Du côté des recommandations, l’American Diabetes Association reste claire : consommer des pommes ou d’autres fruits n’est pas déconseillé, même pour les personnes concernées par le diabète. Leur teneur en sucre ne justifie pas de les bannir.

Les atouts de la pomme

Une pomme moyenne, c’est environ 25 g de glucides, mais aussi une belle dose de fibres. Sa pectine, fibre particulière, aide à réguler le transit en retenant l’eau : les selles gagnent en volume et l’intestin fonctionne mieux. Mais ce n’est pas tout. La pectine, une fois arrivée dans l’estomac, se transforme en gel. Résultat : l’appétit se calme, la sensation de satiété s’installe durablement.

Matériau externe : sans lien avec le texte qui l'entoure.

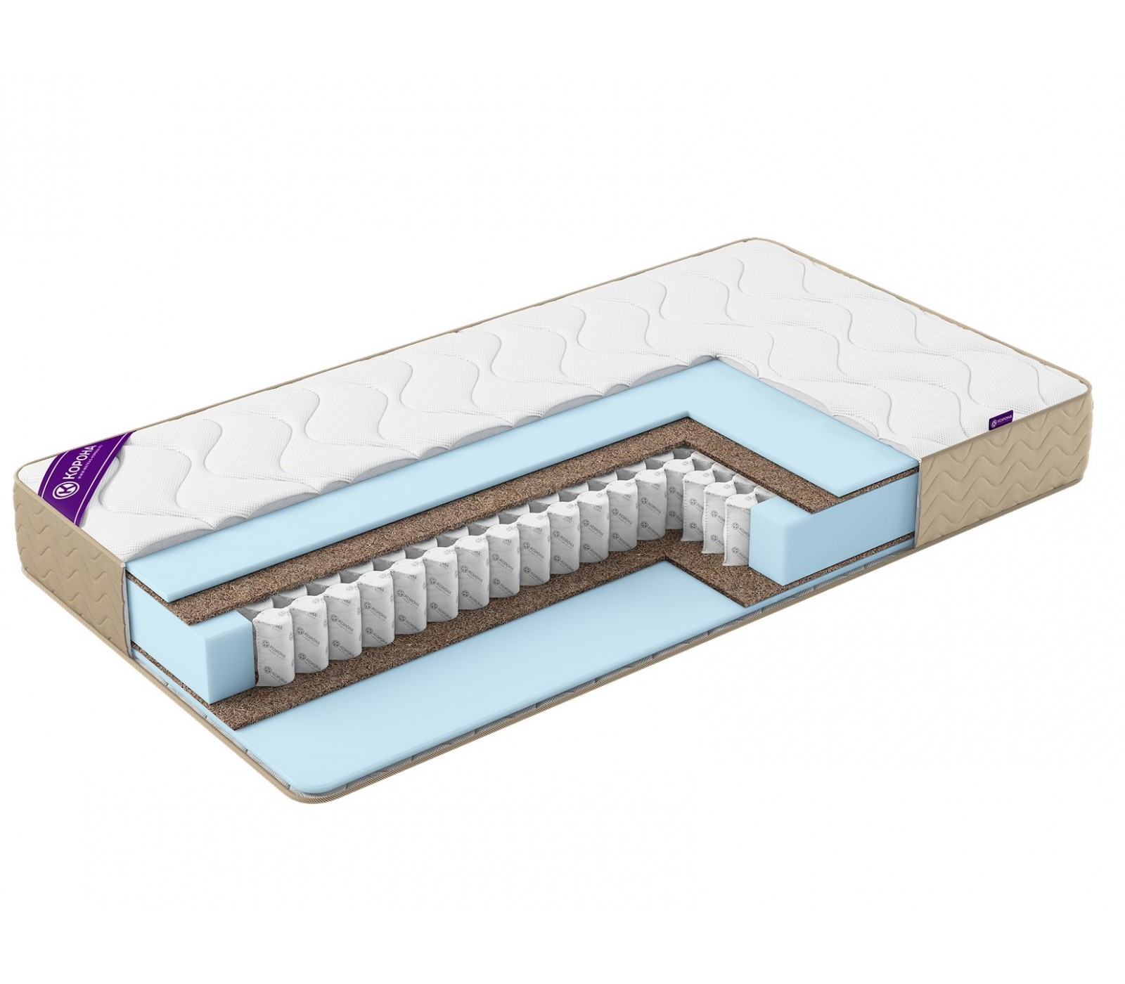 Пожалуй один из самых распространенных по своему составу ортопедических матрасов. Натуральная кокосовая койра в сочетании с эластичным пенополиуретаном обеспечит необходимую поддержку позвоночнику, при этом сохранит достаточный уровень комфорта практически для любого пользователя весом до 120 кг. Чехол из крепкого, стеганного жаккарда, прослужит долго и продлит срок службы вашего матраса на многие годы. Жесткость данной модели средняя. Цена - одно из лучших предложений на рынке матрасов.

Autre point fort : la pomme reste peu calorique tout en fournissant des vitamines (notamment la vitamine C) et des minéraux variés. Pour profiter pleinement de ses propriétés, mieux vaut garder la peau : c’est là que la vitamine C se concentre.

La pomme se distingue aussi par sa richesse en flavonoïdes, dont la phlorétine. Plusieurs travaux scientifiques ont montré que cette molécule freine la multiplication de certaines cellules cancéreuses en déclenchant leur autodestruction programmée.

Impact direct sur la gestion de la glycémie

La pectine a plus d’un tour dans son sac. En ralentissant l’absorption du sucre au niveau intestinal, elle régule la glycémie au fil de la journée. Son action ne s’arrête pas là : elle piège également une partie des graisses et des sucres. Pour les personnes diabétiques, la pomme devient alors un atout dans la stabilisation du poids et la maîtrise du taux de glucose.

Favoriser une alimentation riche en légumes et en fruits reste un choix judicieux, surtout pour ceux qui doivent composer avec le diabète ou qui présentent un risque accru.

Diabète : quels fruits privilégier ?

Les recommandations encouragent la consommation quotidienne de cinq portions de fruits et légumes. Pour les diabétiques, aucun fruit n’est à rayer définitivement du menu. La majorité présente un indice glycémique bas, grâce à la présence de fibres et de fructose. Cependant, il reste préférable de mettre l’accent sur ceux dont l’indice glycémique est faible ou modéré. Voici ceux à privilégier :

  • Fruits rouges
  • Fruits de la passion
  • Agrumes
  • Grenade
  • Poire
  • Oranges
  • Avocat
  • Banane
  • Mangue
  • Papaye
  • Kiwi
  • Ananas
  • Melon
  • Fruits à noyau (abricot, prune, pêche…)

Il faut cependant rester vigilant avec les jus de fruits : ils concentrent le sucre et perdent une grande partie de leurs fibres. Mieux vaut donc s’en tenir aux fruits entiers pour profiter de tous leurs bénéfices.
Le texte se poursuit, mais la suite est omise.